Bill Hader a por todas

Bill Hader es uno de los mejores comediantes en los Estados Unidos actualmente. Curtido en el mítico programa Saturday Night Live, también ha trabajado en películas como Superbad, Trainwreck e incluso ha incursionado en dramas como The Skeleton Twins. Pero Barry es su trabajo más importante hasta la fecha. En la serie de HBO, Hader es el creador, guionista, productor, protagonista y director de los dos primeros episodios. Hader ha generado críticas entusiastas siendo Barry una de las mejores estrenos del año gracias principalmente a la combinación que muestra la historia de dos géneros que en teoría son completamente opuestos.

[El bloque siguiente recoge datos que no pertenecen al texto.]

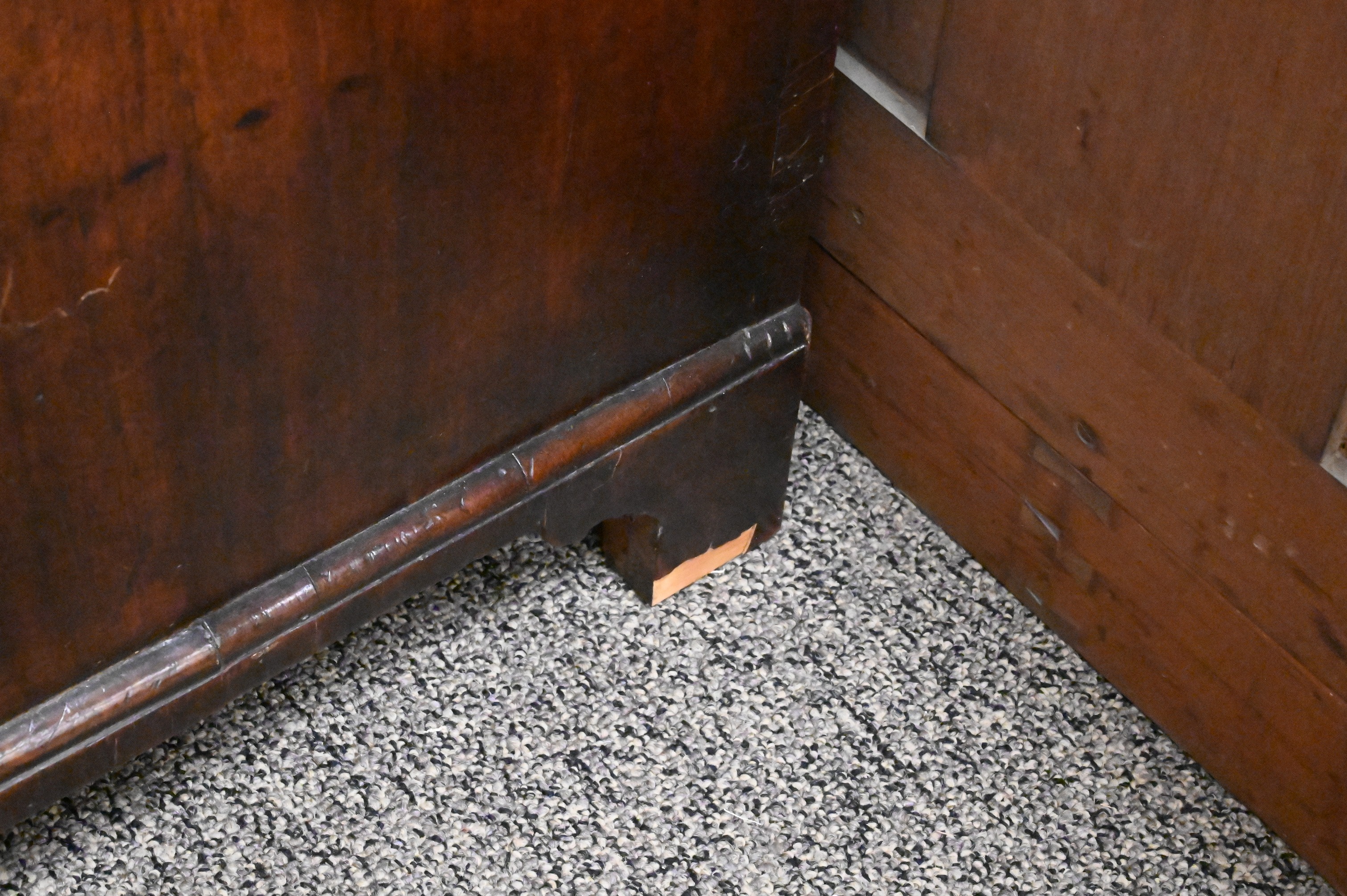 Presents well, age cracks to the top and sides, light scratching to surface, veneer loss to back right foot and under front drawer, interior with wear consistent with age

Sin embargo Bill Hader no es el único nombre a resaltar, el actor se ha rodeado de un batallón de actores como Stephen Root en la piel de Fuches y Henry Winkler como Gene respectivamente. Sarah Goldberg curtida en Broadway es Sally y Paula Newsome que viene de recibir alabanzas por su intervención en How to Get Away with Murder junto a Anthony Carrigan como Hank son los encargados de las escenas más hilarantes de la serie.

Aunque se desconoce la fecha se sabe que Barry ha sido renovada para una segunda temporada.